Appeal from the Superior Court of Cook County; the Hon. HENRY W. DIERINGER, Judge, presiding. Order reversed and cause remanded with directions.


This case is before us on a petition for leave to appeal from an order of the Superior Court of Cook County entered on April 24, 1963, granting a new trial to the plaintiff Ella Louise Panelle. The transcript of the post-trial motion showed that the court considered all the assignments of error enumerated by the plaintiff and granted a new trial solely upon the ground that he understood counsel for the defendant, CTA, in his address to the jury to make remarks to the effect that "there would not be enough money collected in a year to pay out the claims in a month." The judge commented "there is no room in final argument for inability of the defendant to pay, or other extraneous matters on claims pending outside, . . ."

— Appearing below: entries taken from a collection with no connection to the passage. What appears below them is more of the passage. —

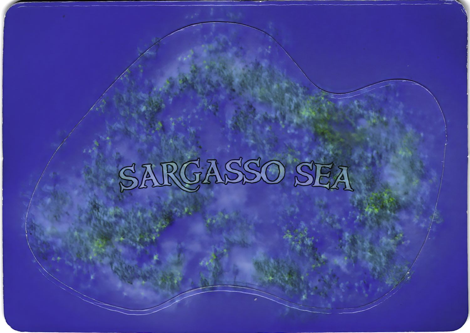 When a ship or sea creature moves over a Sargasso Sea, roll a d6. The result is the Sargasso Sea's rating until the end of that player's turn. Compare the rating to how many masts or segments the game piece had when it was constructed. If the Sargasso Sea's rating is more than the number of masts or segments, the game piece is tangled in the weeds and might not be able to move.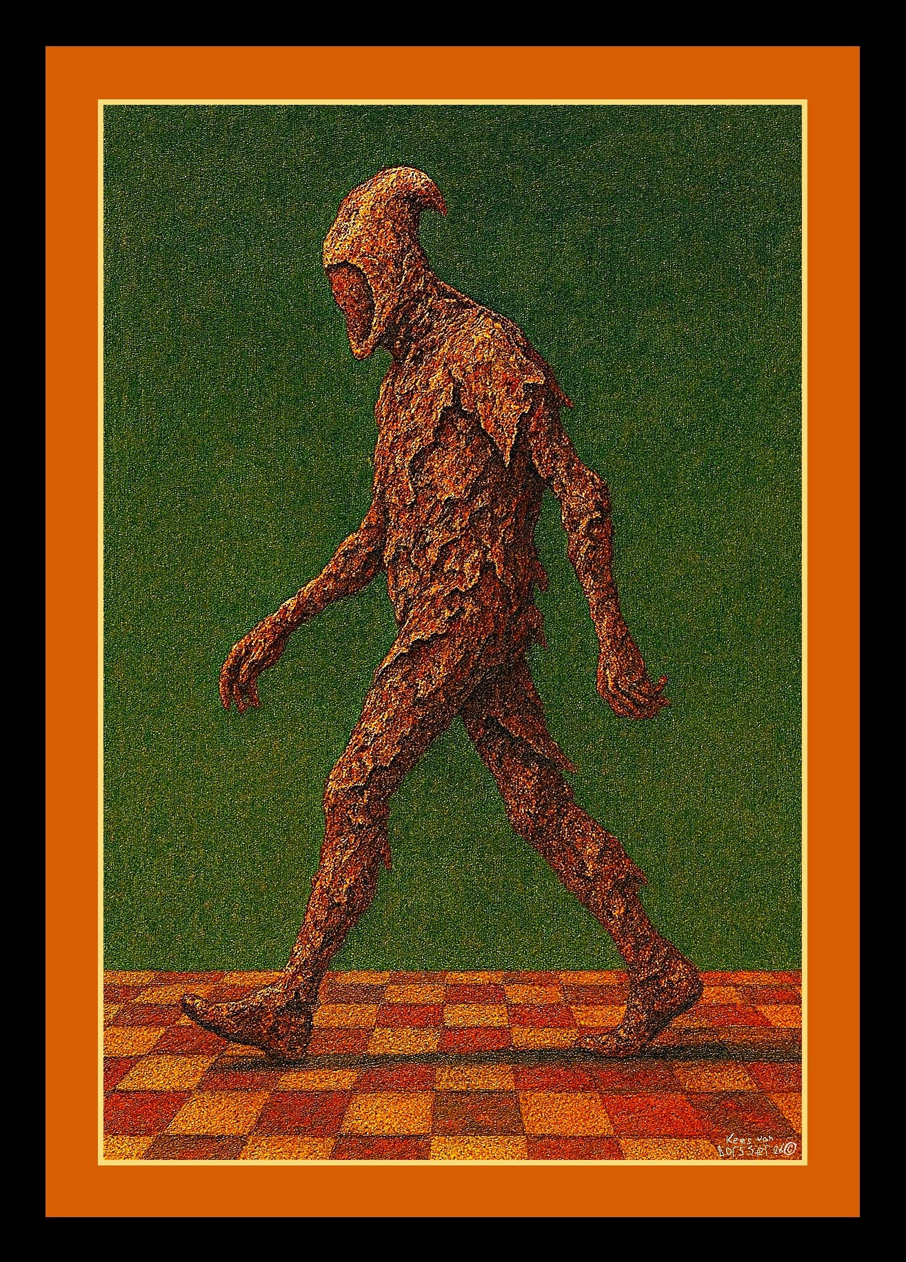 Hij loopt, niet als mens, maar als echo van onze keuzes. Zijn huid is geen vlees, maar roest, gesmeed uit lithium, kobalt, en vergeten rivieren. Hij draagt geen gezicht, want hij is ieder van ons-de klik, de aankoop, de groene leugen die wij geloven. Onder zijn voeten, een vloer van patronen, zoals wij patronen volgen zonder te vragen waar ze beginnen. Hij wandelt voort, door de tijd, door de illusie van duurzaamheid, door de schaduw van onze hoop. En wie hem ziet, ziet niet een monster, maar een spiegel van wat wij liever niet erkennen. (wat wij voort brengen, wandelt ons voorbij).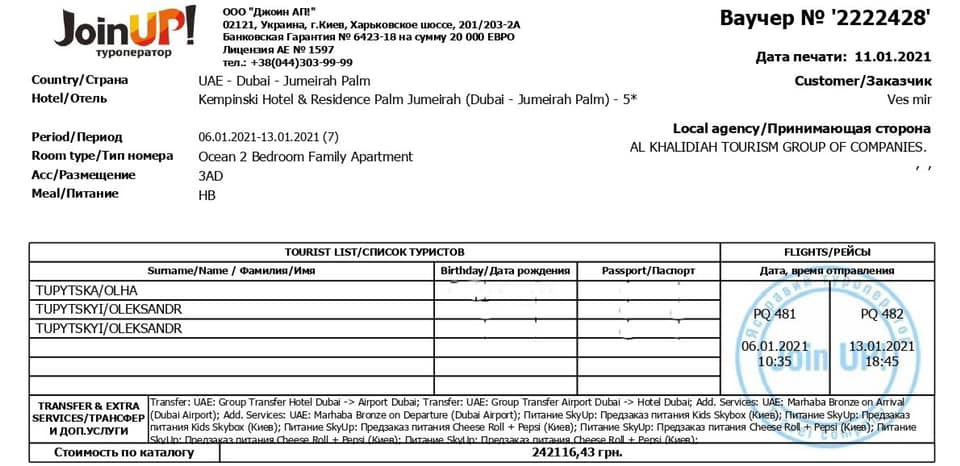 «Стоимость пакета услуг, предоставляемого туроператором на трех человек, составляет 242 116,43 грн. В стоимость тура входит авиаперелет в обе стороны, проживание в двухкомнатном номере отеля, двухразовое питание, трансфер, страховка и стоимость туристического обслуживания», - говорится в сообщении.

The remarks actually made by counsel for the CTA are as follows:

"Now, let me say further that if we, a municipal corporation, cannot have a trial on the law and the evidence, ladies and gentlemen, then aside from the aspects of what it does to our judicial system, I want to say this. That if we cannot decide what cases must go to be decided by a jury and bring in what evidence we have and expect that case to be decided on the law and the evidence, if we are going to be required to pay every claim made against our company whether we think it is justified or not, if we don't have the right to go to a jury of 12 people who will decide the case on the law and the evidence, then I will tell you frankly, there isn't enough money collected in a year that we would have to pay out in claims in a month."

Objection was made to these remarks of counsel and the trial court sustained the objection.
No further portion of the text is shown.